Cuando hablamos de hipotiroidismo nos estamos refiriendo a un mal funcionamiento de la glándula tiroides, que está situada en el cuello, y que consiste en una producción muy baja de la hormona tiroidea. Esta hormona controla el crecimiento, el desarrollo cerebral y, en general, controla las funciones químicas del cuerpo.

No es fácil diagnosticar un hipotiroidismo, pues sus síntomas aparecen lentamente y de forma gradual, y debido a sus características en ocasiones  se confunde con una depresión. La persona con hipotiroidismo tiene los párpados caídos, los ojos y cara hinchados, hay aumento de peso, estreñimiento, una baja tolerancia al frío (no es generalizado, pero sí se da en muchos pacientes), la piel y cabello se vuelven secos y ásperos, las uñas se vuelven quebradizas, además en personas mayores hay episodios de confusión y en los que se olvidan ciertas cosas...

Como hemos dicho, uno de los síntomas es el aumento de peso, pero ¿se puede hacer una dieta para el hipotiroidismo? ¿Es necesario y conveniente? La respuesta a ambas preguntas es sí: hay pautas para hacer una alimentación específica para esta enfermedad, y además es necesario y conveniente hacerla.

Esta alimentación, a rasgos generales, se caracteriza por ser baja en grasas y rica en frutas y verduras. Dicha dieta debe ir acompañada de un tratamiento farmacológico que es de por vida, y en todo momento debe ser controlada por un médico, pues muchos alimentos pueden interferir o afectar a la absorción del medicamento. Afortunadamente, los tratamientos existentes son capaces de restablecer en poco tiempo el nivel hormonal necesario para tener una vida normal, pero como decimos no se debe dejar este tratamiento nunca.

La dieta para el hipotiroidismo a seguir, por tanto, tendrá dos vertientes: por un lado se buscarán alimentos que favorezcan el buen funcionamiento de la tiroides; y por otro, se deberán evitar aquellos que interfieran en su funcionamiento. Y en medio de ambos, los que favorezcan la disminución de peso.
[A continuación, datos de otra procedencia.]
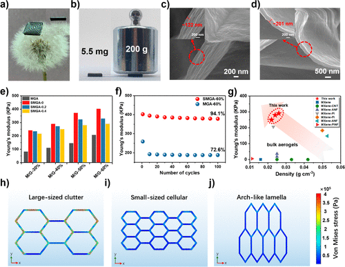 3d打印SMGAs的力学性能。(a)轻量化和(b) SMGA-60%-0.4的高刚度特性。不同细胞壁厚度的3d打印(c) SMGA-30%和(d) SMGA-60%的SEM图像。(e)不同间隙的MGAs和3d打印SMGAs的杨氏模量。(f) 100次压缩循环时,压缩应力为10 KPa时MGA-60%和SMGA-60%的杨氏模量。(g) 3d打印SMGAs的杨氏模量远远超过大多数具有相当几何密度的传统体积mxene气凝胶。COMSOL多物理场模拟(h) MGAs大尺寸杂波微观结构和(i, j) SMGAs分层多孔微观结构的应力分布。

Para empezar, a la hora de establecer la dieta para el hipotiroidismo, debemos señalar aquellos productos que se debe evitar tomar. Son los llamados "bociógenos", que interfieren en la producción de hormonas tiroideas. Entre estos se encuentran toda la familia de las coles, así como rábanos, pepinos, calabazas, lechuga, apio, cebolla, berenjena, espárragos o endivias, entre otros. También se encuentra en este grupo el trigo y sus derivados; las naranjas y limones, castañas, melón, uvas, ciruelas, higos y aguacates.

Por otro lado, están aquellos alimentos que sí son recomendables, ya que poseen un alto nivel de yodo y por tanto ayudan a la producción de hormonas. Destacamos el ajo, los tomates, las lentejas y las espinacas. También el coco y la avellana, el ginseng, la canela, las manzanas, fresas, dátiles, almendras y pistachos, así como los mariscos y las algas en general.

Pero, por encima de todo, llevar un control por parte de un endocrino u otro médico es fundamental, pues la alimentación no es en este caso la parte más importante del tratamiento, sino sólo una pequeña parte del conjunto.

Esta enfermedad es fácil de tratar, basta con seguir el tratamiento farmacológico recomendado por el médico, y sus consecuencias, como el aumento de peso, se pueden evitar, en cierto modo, con una dieta específica para el hipotiroidismo.